EMBEDDING_MODEL_NAME = qwen3-embedding-0.6B
EMBEDDING_DEVICE     = 
Found candidate model dir at: models/chunker/qwen3-embedding-0.6B


In [2]:
# Sample SRT content (very small)
sample_srt = textwrap.dedent('''
1
00:00:01,000 --> 00:00:02,000
- Hello there!

2
00:00:02,100 --> 00:00:03,000
How are you doing?

3
00:00:03,100 --> 00:00:04,000
I'm fine. Thanks!
''')
print(sample_srt)



1
00:00:01,000 --> 00:00:02,000
- Hello there!

2
00:00:02,100 --> 00:00:03,000
How are you doing?

3
00:00:03,100 --> 00:00:04,000
I'm fine. Thanks!



In [3]:
# Run the complete end-to-end pipeline: SRT → Preprocess → Chunk → Embed → Qdrant
from src.pipelines.srt_to_qdrant import build_srt_to_qdrant_pipeline

print('Building the complete SRT-to-Qdrant pipeline...')
pipe = build_srt_to_qdrant_pipeline()

print('Pipeline components:')
for component_name in pipe.graph.nodes:
    print(f'  - {component_name}')

print('Pipeline connections:')
for edge in pipe.graph.edges:
    print(f'  - {edge[0]} → {edge[1]}')

print('Running pipeline on sample SRT...')
result = pipe.run({'pre': {'srt_text': sample_srt}})

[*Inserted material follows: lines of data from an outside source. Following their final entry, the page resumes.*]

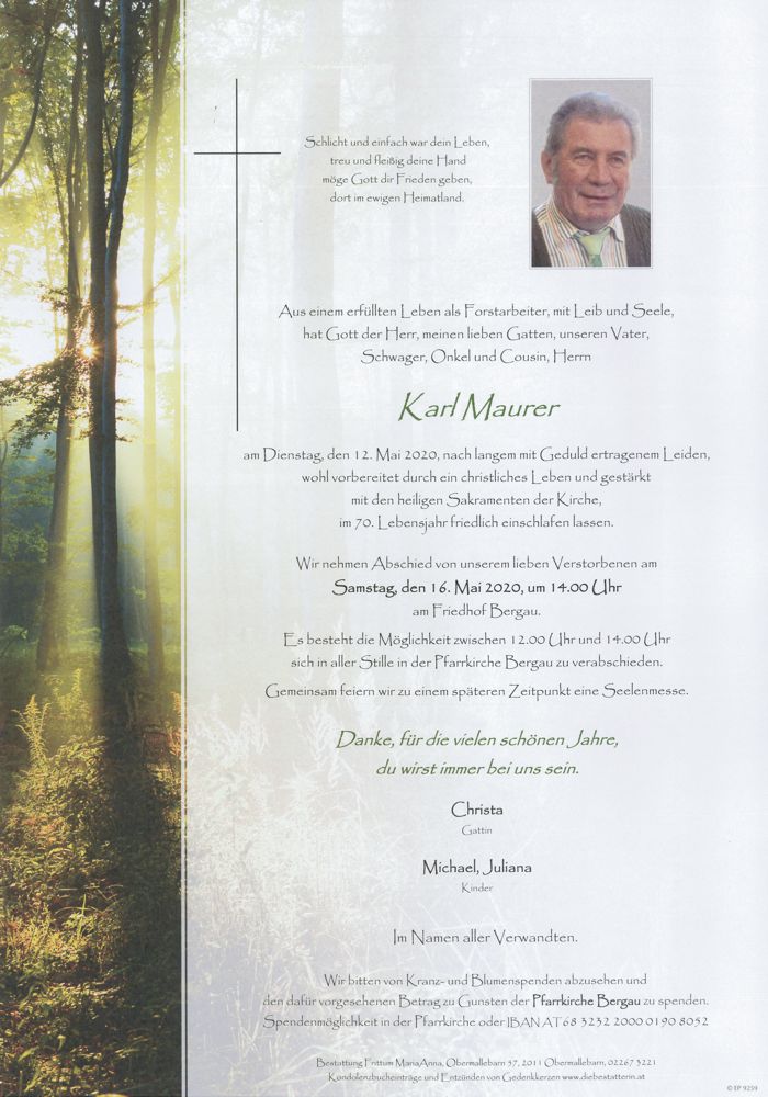 • Die Katholische Männerbewegung hat mit Karl den Obmann in der Pfarre Bergau verloren. Wir danken dir für deine große und aufopfernde Mitarbeit für die Männerbewegung und werden dir im Gebet gedenken und dir ein ehrendes Andenken bewahren. Unsere aufrichtige Anteilnahme der Familie. Franz Amon, Freund und Altdekanatsobmann.
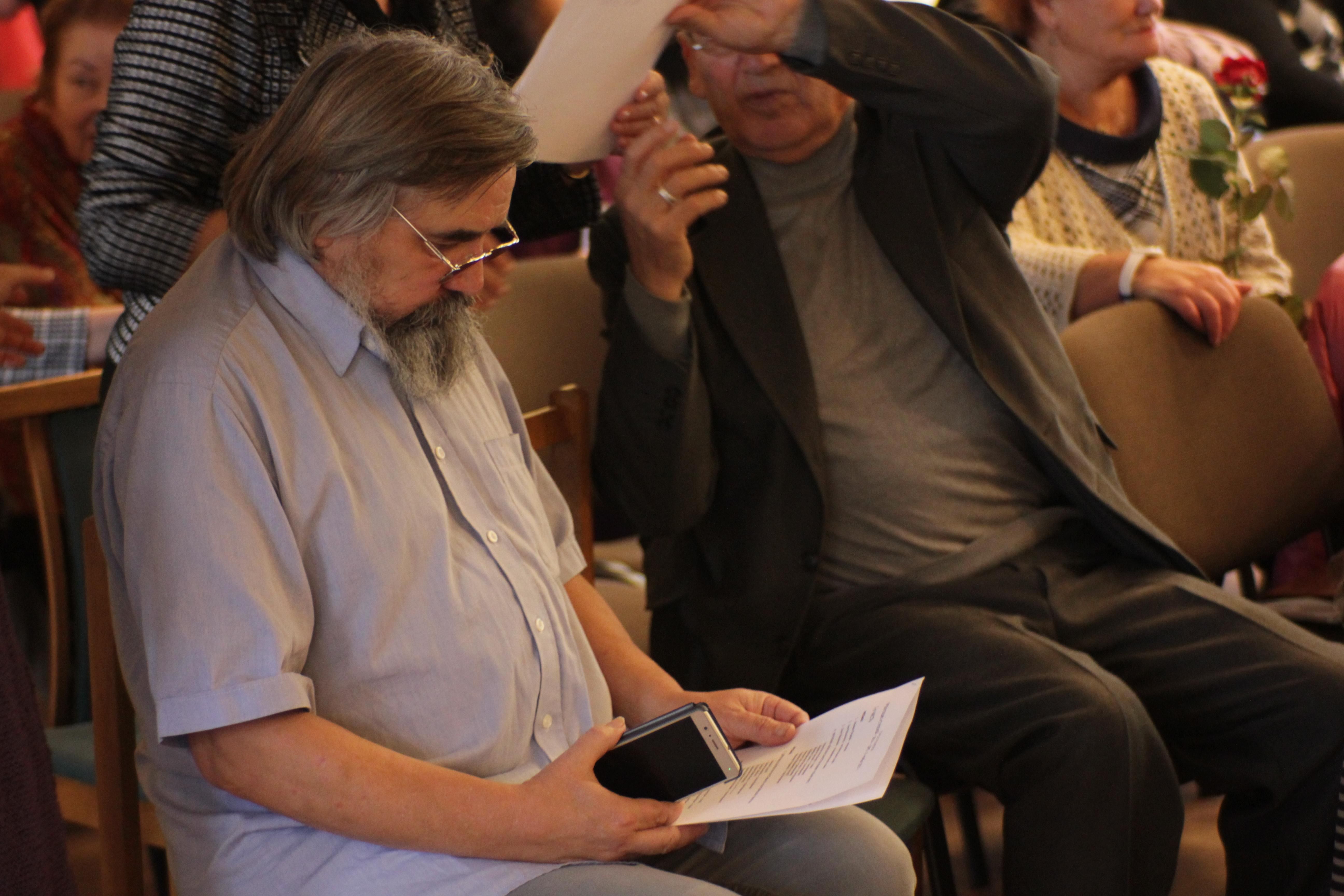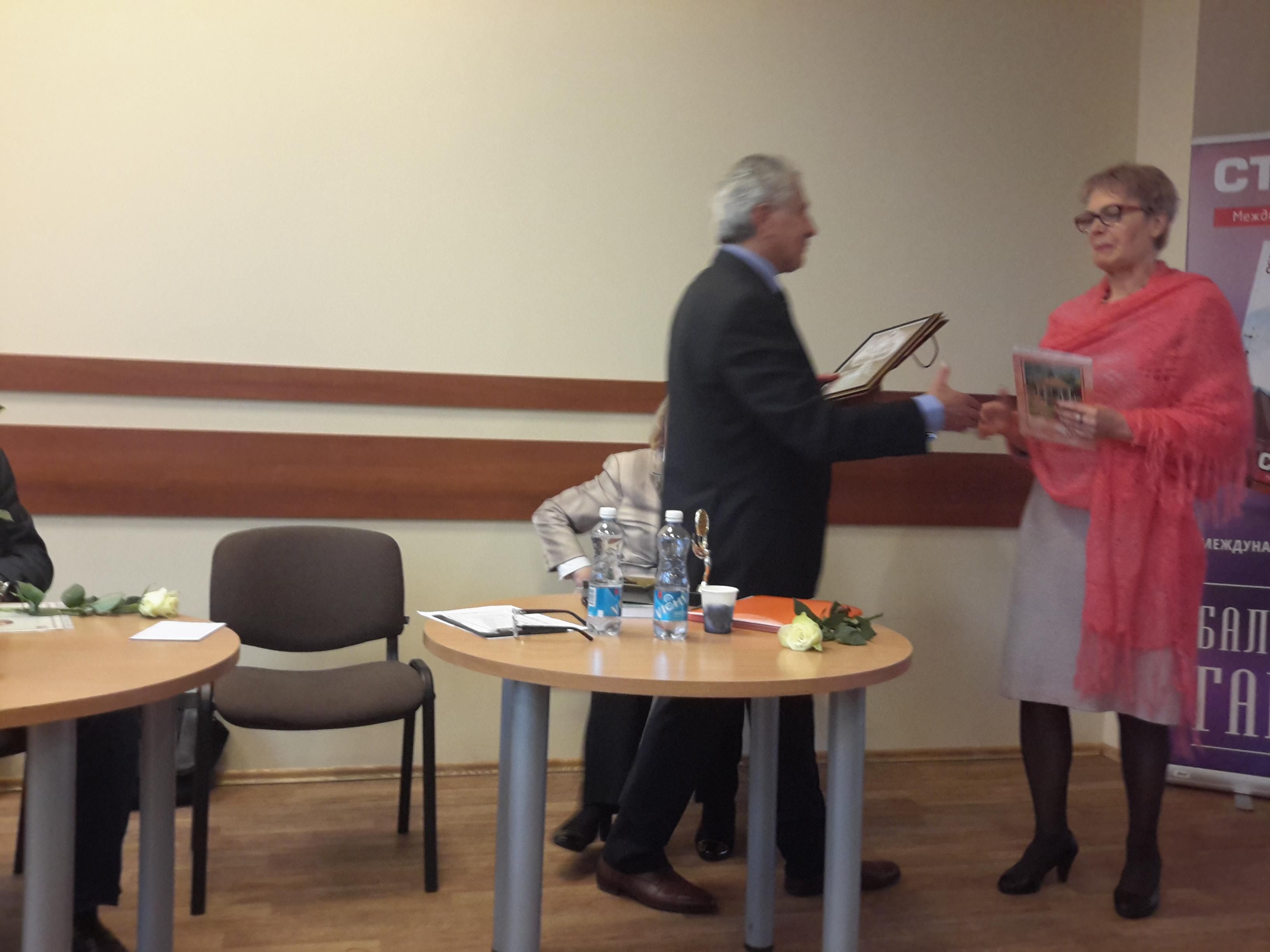 На презентации новых «Ступеней» состоялось торжественное вручение членских билетов новым участникам МАПП. Затем слово получили те лауреаты фестиваля «Балтийский гамаюн», которым удалось присутствовать на мероприятии. Среди них – один из патриархов современной литературы, поэт, писатель и переводчик Алексей Гречук из Вильнюса, прекрасная молодая поэтесса Анна Протасова из Киева, специально приехавшая на презентацию, Наталья Русских-Аболина из Вильнюса, прочитавшая потрясающей силы стихотворение «Тихий Дон», поэтесса и прозаик Валентина Егорова, также живущая в столице Литвы.
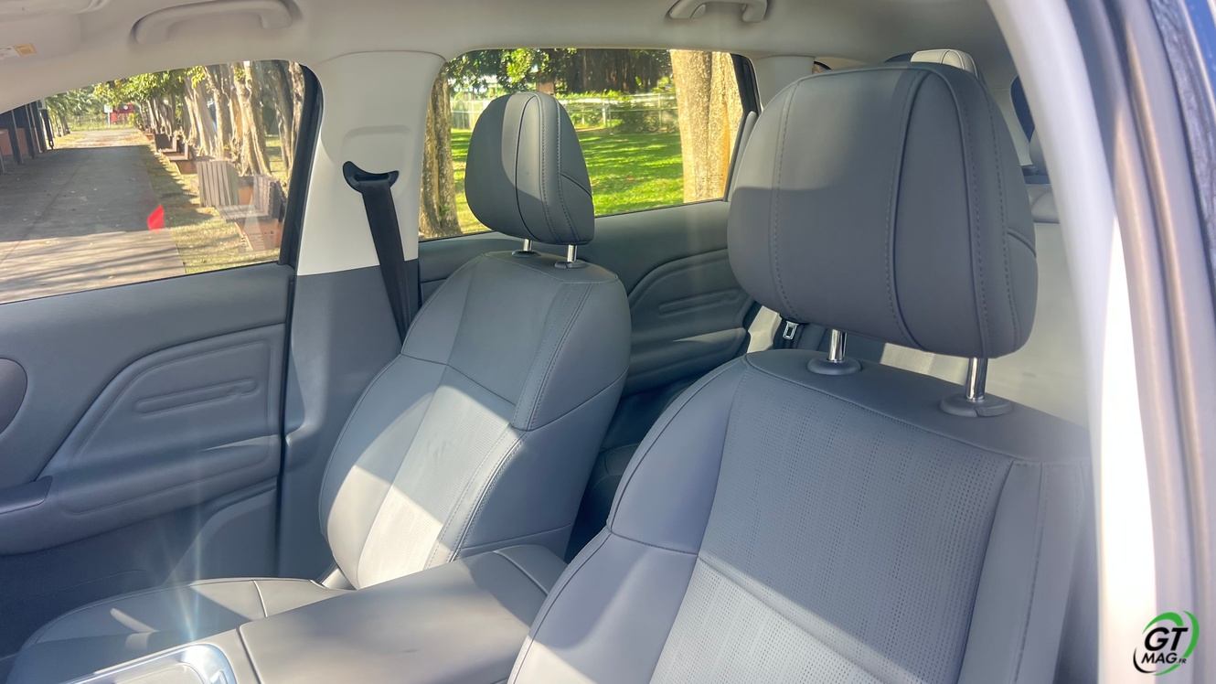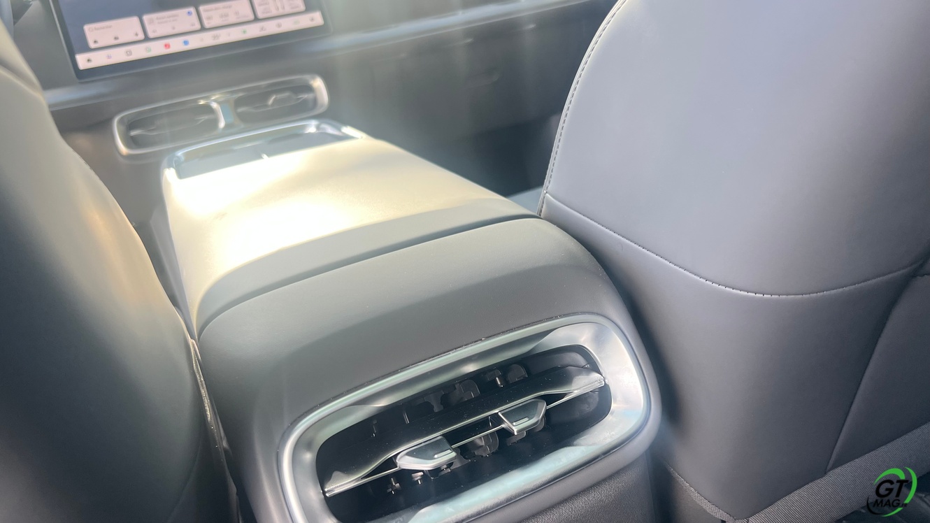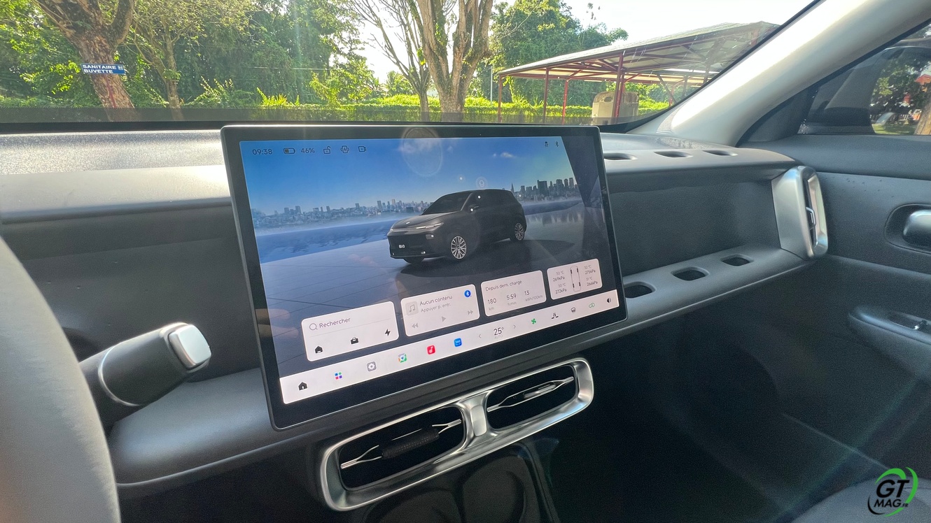 Dans l’habitacle, le Leapmotor B10 suit son propre chemin avec une planche de bord à deux étages. À notre grand étonnement et plaisir, on trouve des buses de ventilation, ainsi qu’un espace de rangement bien pratique devant le passager. En sus, il y a un grand bac dans la console centrale et deux porte-gobelets escamotables. Une chose est sûre : ce ne sont pas les rangements qui manquent ! D’ailleurs, toujours sur le point du rangement et de l’habitabilité : le Leapmotor B10 joue bien de sa taille pour offrir un habitacle généreux. Devant comme derrière, tous les passagers seront bien assis, tandis que le coffre taille à 430 litres. Mieux encore, il y a 25 litres d’espace sous le capot. Pratique pour les câbles ! Côté infodivertissement, tout passe va une grande dalle tactile de 14,6 pouces – en plus d’une instrumentale digitale de 8,8 pouces. Quand on dit « tout », c’est vraiment « tout », puisque le B10 ne présente aucun bouton. Pas même pour régler les rétroviseurs…

print('Pipeline Results:')
print('=================')

# Show preprocessing stats
pre_stats = result['pre']['stats']
print(f'Preprocessor: {pre_stats}')

# Show chunking stats
chunk_stats = result['chunk']['stats']
print(f'Chunker: {chunk_stats}')

# Show write stats
write_stats = result['write']['stats']
print(f'Writer: {write_stats}')

print('✅ SUCCESS! Check Qdrant UI at http://localhost:6300/dashboard to see the embedded chunks!')
print('Collection name: memoirr')

Building the complete SRT-to-Qdrant pipeline...


  return torch._C._cuda_getDeviceCount() > 0


Pipeline components:
  - pre
  - chunk
  - explode
  - embed
  - docs
  - write
Pipeline connections:
  - pre → chunk
  - chunk → explode
  - explode → embed
  - explode → docs
  - explode → docs
  - embed → docs
  - docs → write
Running pipeline on sample SRT...


Batches:   0%|          | 0/1 [00:00<?, ?it/s]

100it [00:00, 14303.31it/s]          

Pipeline Results:
Preprocessor: {'total_captions': 3, 'kept': 3, 'dropped_empty': 0, 'dropped_non_english': 0, 'deduped': 0}
Chunker: {'input_captions': 3, 'output_chunks': 1, 'avg_tokens_per_chunk': 15.0}
Writer: {'written': 1, 'skipped': 0, 'total': 1}
✅ SUCCESS! Check Qdrant UI at http://localhost:6300/dashboard to see the embedded chunks!
Collection name: memoirr